Eran las 9:00 de la noche
del siete de enero de 1976. La ciudad quedaba atrás. Y atrás quedaban también
los seres queridos, los compañeros. No tenía la certeza de volver a verlos. Los
besos y abrazos a mis pequeños hijos y a mi esposa. La incertidumbre
incontestable de hacia dónde iba y cuándo regresaba. Todos esos sentimientos se
fundían en mi mente, se entrelazaban unos con otros, se cedían o disputaban mutuamente el lugar.
Lo accidentado del acceso a
Santiago de Cuba, provocado por las montañas que a semejanza de un insomne y
gigante centinela, con invariable celo
cuidan la ciudad, hizo que muy pronto desaparecieran las luces.
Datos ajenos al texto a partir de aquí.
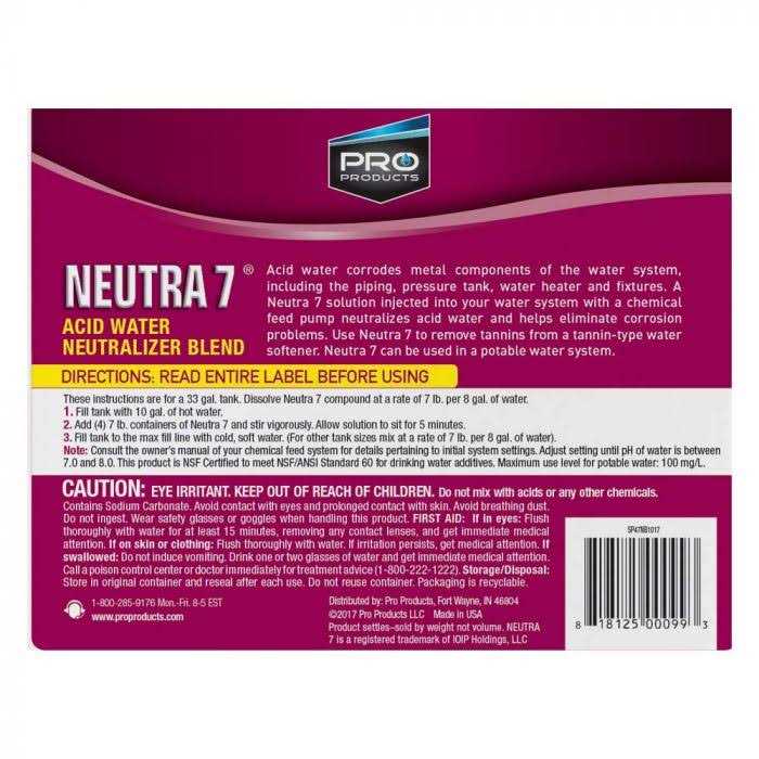Pro Neutra 7 is a proprietary alkaline compound which eliminates acid water in potable systems and keeps the injection point clean of build-up. This helps eliminate corrosion from piping, pressure tanks, water heaters and fixtures. A Pro Neutra 7 solution injected into a water system will eliminate acid water and prevent corrosion. Pro Neutra 7 is NSF Certified to meet NSF/ANSI Standard 60 for drinking water additives.
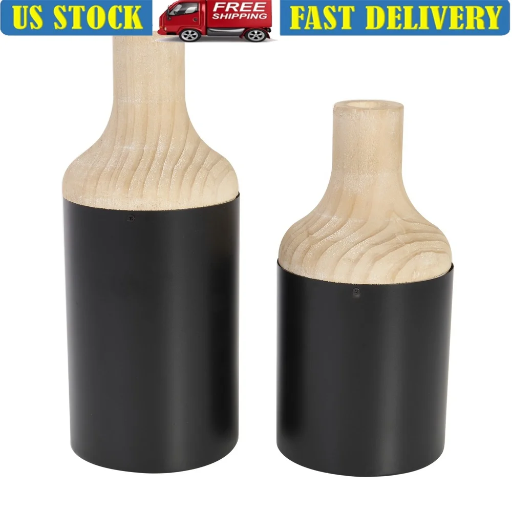 Wooden Vase Set 2 Modern Farmhouse Decorative Cylinder Vases Home Decor Indoor Flower Arrangements Rustic Accent Pieces

Cerré entonces
los ojos, a la vez que reproduje en la imaginación todo lo que momentos antes
había observado con tanto cariño.
Y después, coronando el
Puerto de Moya, torné la vista. Sabía que desde allí se divisaba la ciudad. Y vi
de nuevo las luces, como un triángulo reluciente incrustado en las montañas,
como si éstas abrieran intencionalmente su pecho para brindar la oportunidad de
la última mirada.
Pero fue una visión muy
fugaz, porque pronto el ómnibus tomaría una curva que haría definitivamente
invisible el resplandor santiaguero. Las luces internas del vehículo estaban
apagadas, pero aún así, pude percibir que todos los pasajeros habían vuelto la
vista hacia atrás y luego, sin mediar palabras, se recostaron en sus asientos.
Para mí, el raudo fulgor fue suficiente para permitirme exclamar, uniendo en
sólo dos palabras todo lo que quería y dejaba atrás ¡Adiós, Santiago!